Las heridas lloran.
Las heridas duelen.
Algunas se abren.
Algunas nunca desaparecen.
Algunas dejan cicatriz.
Sanar heridas, darles amor, calmar el dolor. Sanar heridas ajenas incluso cuando a veces cubro las mías con curitas que no impiden que la piel se siga desgarrando debajo; incluso cuando me siento un poco hipócrita profesando el amor propio del que yo carezco.
Poder sanar heridas me hace sentir especial, es mi propósito y mi superpoder.
Los abrazos sanan, las palabras reconfortan (como esta sarta que escribo ahora me reconforta a mí), pero el silencio también. El silencio con intención, el silencio con interés, el silencio con presencia, el silencio que dice lo que las palabras no alcanzan a expresar; el silencio solo, el silencio en compañía; el silencio que precede a la respuesta muda antes del llanto (mi silencio característico) y el silencio que se despliega cuando ya no hay más que llorar.

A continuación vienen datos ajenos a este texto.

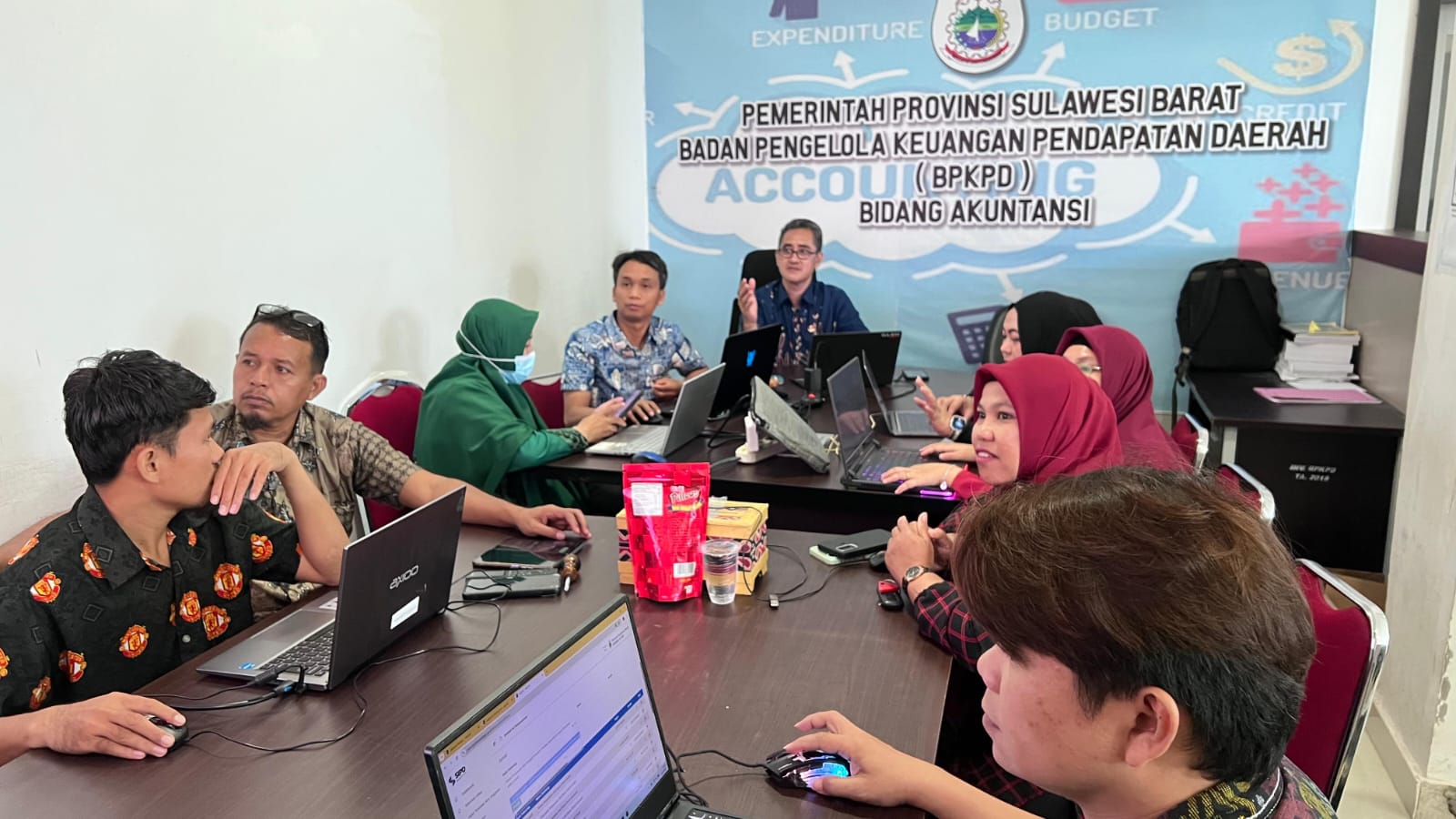 Pendampingan tersebut dipimpin langsung oleh Kepala Bidang Perbendaharaan dan Akuntansi Syaharuddin, didampingi Plt. Kasubbid Akuntansi Indah Mustika Sari, Tenaga Teknis Admin SIPD Wilayah Sulawesi Barat Azis, serta staf terkait lainnya. Kegiatan ini bertujuan untuk memastikan proses pencatatan jurnal penyusutan aset pada masing-masing perangkat daerah dapat dilakukan secara tepat dan sesuai dengan ketentuan akuntansi pemerintahan melalui sistem Sistem Informasi Pemerintahan Daerah (SIPD).

Tengo heridas grandes que a veces se abren sin que pueda evitarlo, heridas que sangran en lágrimas antes de irme a dormir o que se desgarran de la nada y duelen como la mierda en cualquier momento del día.
Llevo heridas curiosas que, ya sanas, me dejaron un sentir a modo de cicatriz que sólo se revive escuchando canciones específicas.
Empecé a aprender que cada tanto me hace bien mostrar mis heridas, incluso las que creo irreparables, las que cargo hace años y no ven la luz desde que me las hice. Hoy mostré algunas de esas y para mi sorpresa el diagnóstico esta vez fue diferente.